Senang yang meluap-luap, rasa haru, rasa lega, rasa tidak percaya atau rasa
yang mana? Tanpa saya sempat memutuskan emosi mana yang akan saya sajikan, saya
sudah berjalan ke arahnya, tanpa sadar saya tersenyum lebar sambil
memandanginya. Dia, di depan saya.
Saya lupa bahwa
saya berada di sebuah negara asing hingga akhirnya sapuan angin dingin menerpa
tubuh saya yang sudah saya balut dengan 2 jaket yang saya rasa cukup tebal.

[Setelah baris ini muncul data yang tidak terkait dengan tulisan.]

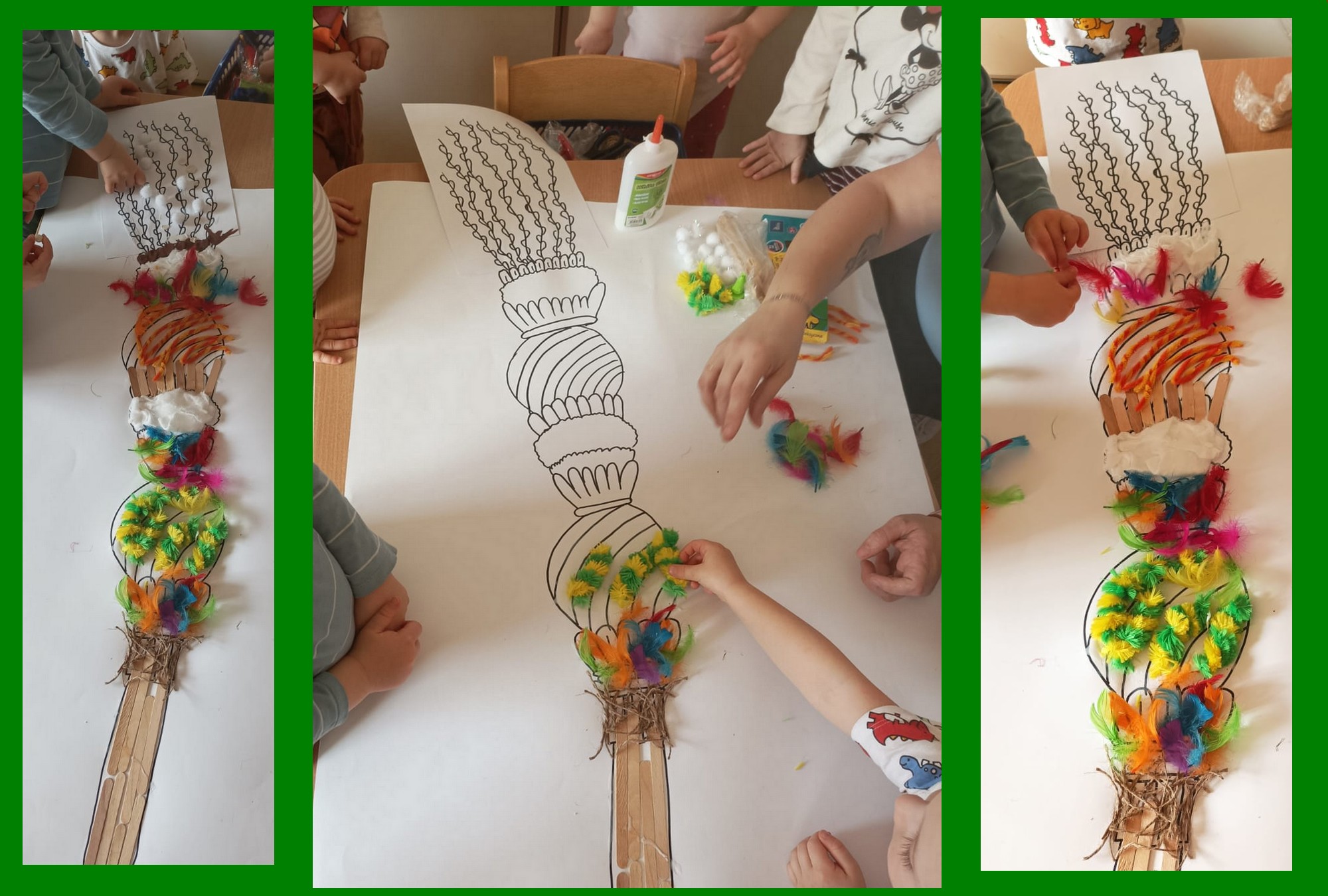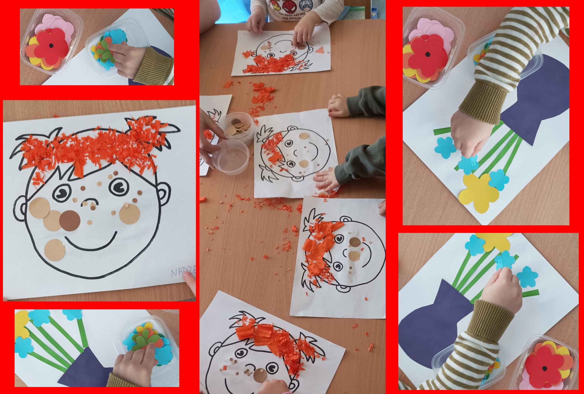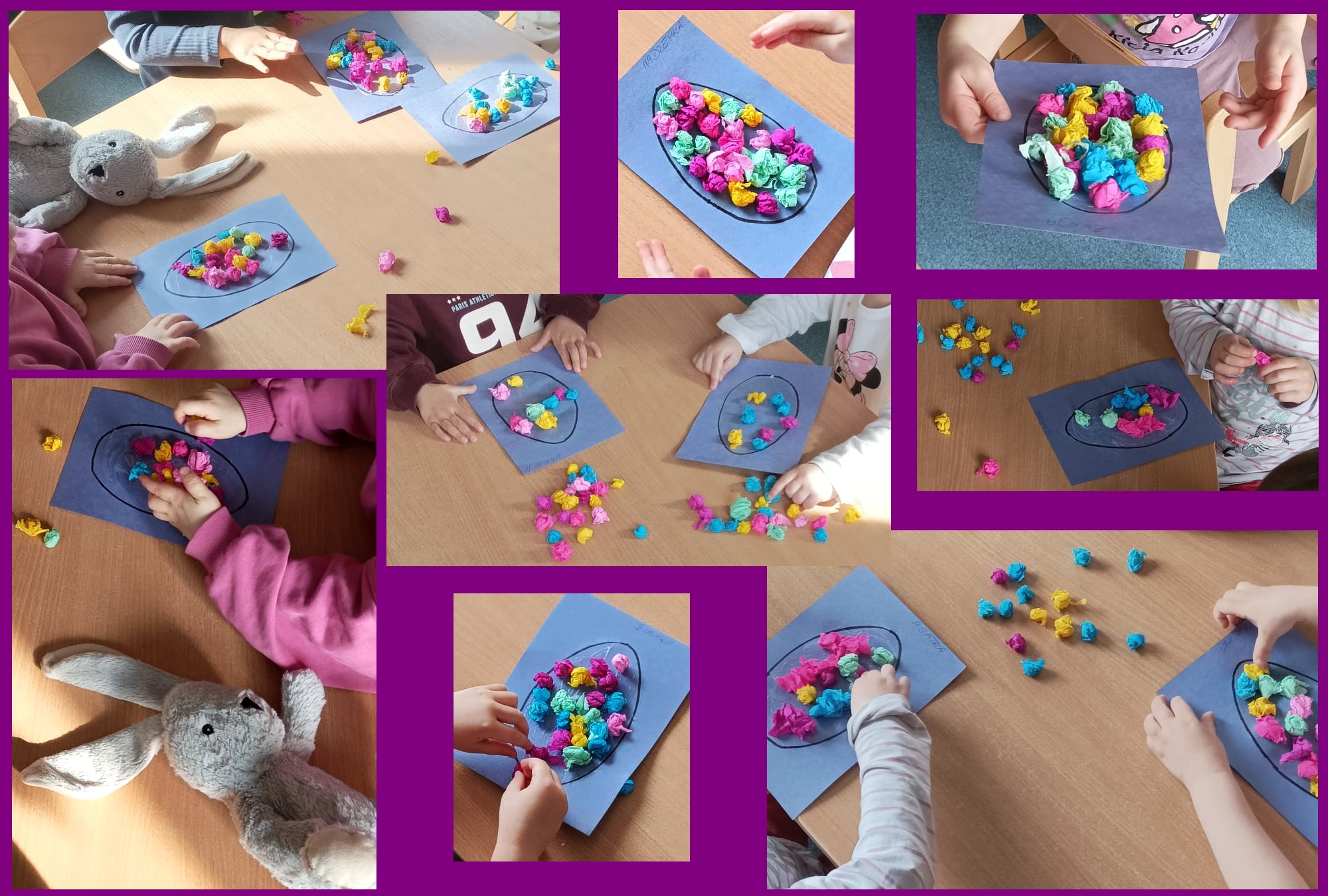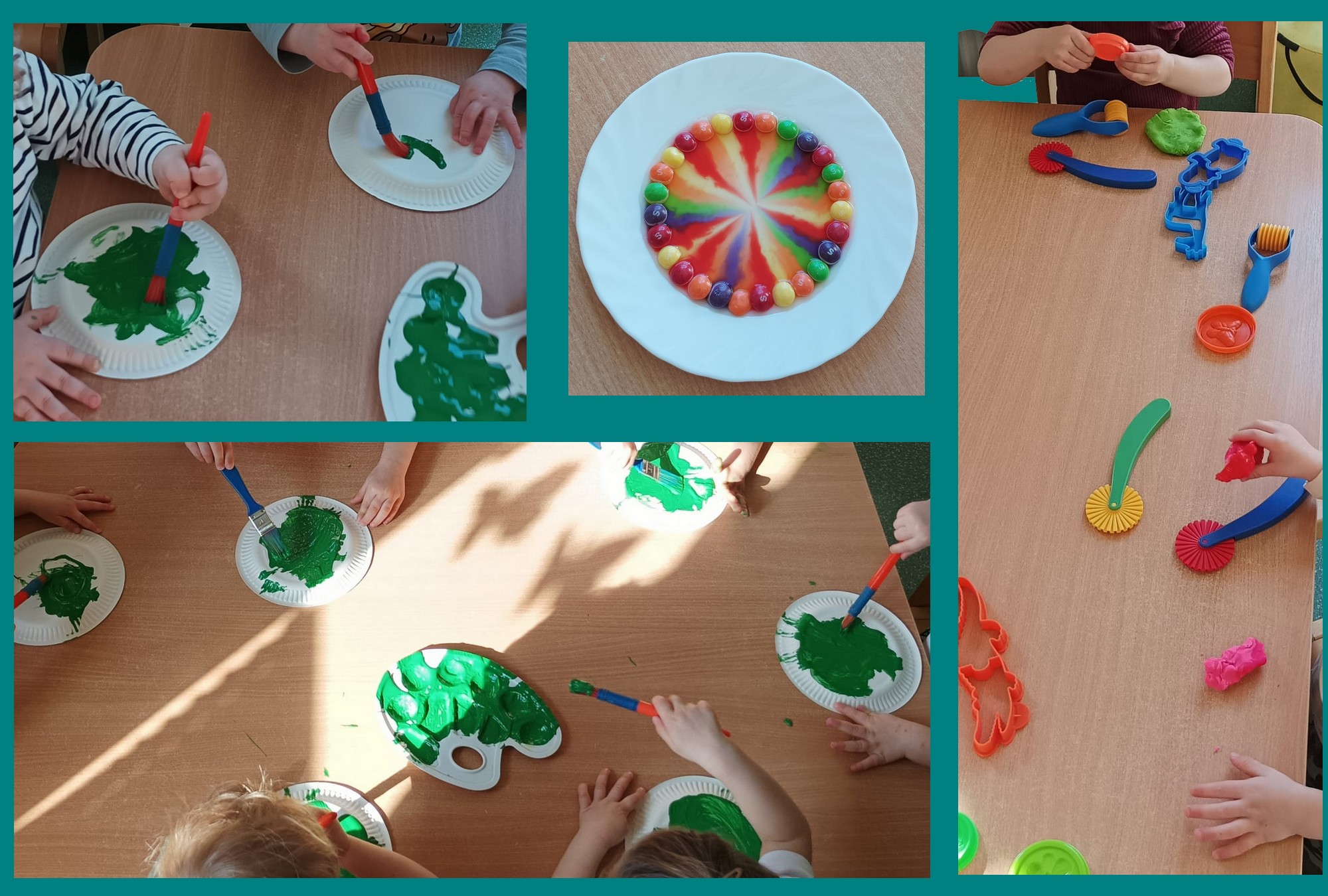 Dzieci z radością uczestniczyły w codziennych aktywnościach, rozwijając swoją kreatywność oraz sprawność manualną. Tworzyły wiosenne prace plastyczne, poznawały kolory i symbole związane z nową porą roku, a także chętnie brały udział w zabawach ruchowych.

Bergidik, dia menyadarinya. Diberikannya sepasang sarung tangan bewarna cokelat
untuk menghangatkan tangan saya. Masih tersenyum, kami berjalan dengan
pandangan yang sama, pandangan tidak percaya. Takjub. Kami sama-sama tidak
menyangka akan bertemu di saat itu, di negara ini. Negara ajaib yang sebagian
wilayahnya beiklim sub tropis, sebagian lainnya beriklim tropis dan sebagian
lagi memiliki iklim di antara keduanya.
Enam bulan lamanya tidak bertemu tatap muka
secara langsung membuat saya sedikit terpaku, mengamati seberapa banyak
perubahan yang terjadi pada dirinya. Rambutnya lebih panjang dari yang saya
duga, wajahnya lebih kurus daripada saat saya pandangi melalui layar, dan
tentunya tangannya yang dingin karena dia telah menunggu kedatangan saya selama
satu jam lamanya di ruang terbuka di depan pintu-pintu bandara. Bahagia.
Saya rasa,
wajah saya saat itu berbinar lebih terang daripada lampu-lampu yang ada di
bandara. Begitu juga dia. Pancaran rasa bahagia menghangatkan tubuh kami yang
diterpa angin dingin bersuhu +/- 5 derajat Celcius. Cinta, cinta memang
menembus batas, bahkan suhu udara.
Berbincang
mengenai bagaimana perjalanan saya, kami bergandengan tangan sambil berjalan
menemui seorang kawan berdarah India yang menemaninya menjemput saya. Tidak
belama-lama di depan bandara, setelah mengambil beberapa foto berdua, kami
mencari sebuah taksi. Rs 400,- adalah harga yang diminta pengemudinya, sekitar
Rp 80.000,- dalam kurs rupiah. Taksi yang dipilihnya adalah taksi asli India
yang pernah saya lihat di Film “Eat Pray Love” yang ditumpangi Liz saat menuju
Ashram di India. Tidak berbeda dengan gambaran film itu, taksi itu mulai
berjalan menembus jalan raya yang dipenuhi suara klakson segala jenis kendaraan
yang mulai menyapa indra pendengaran saya. Memasuki jalan di kota, saya mulai
melihat sapi-sapi beraneka ukuran berjalan melenggang dengan santai di antara
hiruk pikuk kendaraan bermotor maupun tidak bermotor. Anjing-anjing juga tidak
kalah bergaya, berlari di sepanjang jalan dan beberapa dari mereka
tidur-tiduran di tepi jalan, mungkin kelelahan. Sampah dan debu tampak
berkeliaran dengan bebas, membuat saya menutup hidung dengan syall yang saya
gunakan, saya takut organ penciuman saya terkena serangan udara kotor yang
terlalu mengejutkan. Ini lah, India. Saya akhirnya menjejakkan kaki di negeri
asing di mana manusia, kendaraan, hewan dan tumbuhan membentuk suatu harmoni
tersendiri.
Pada akhirnya,
sampailah kami di tempat saya akan tinggal. Sebuah gedung di kompleks
pertokoan. Duduk-duduk sebentar dan memutuskan bahwa kami akan mengakhiri hari
ke-24 dan menyambut hari ke-25 di bulan Januari dengan bersantap malam
bertiga, makanan pesan antar sebuah restaurant bergambar seorang kakek tua
mirip Santa Claus mengisi perut-perut kosong yang merindukan hangatnya asupan
energi. Setelah makan, rasa tidak percaya yang masih kami alami dipuaskan
dengan perbincangan ringan hingga pkl. 03.00, berdua. Maih kurang rasanya,
tetapi kami terpaksa segera tidur karena pada pkl. 07.00 akan datang sebuah
mobil sewaan yang akan membawa kami ke Taj Mahal, Agra, India.
Saya, dia, dan
India. Sebuah pengalaman yang tidak akan saya lupakan.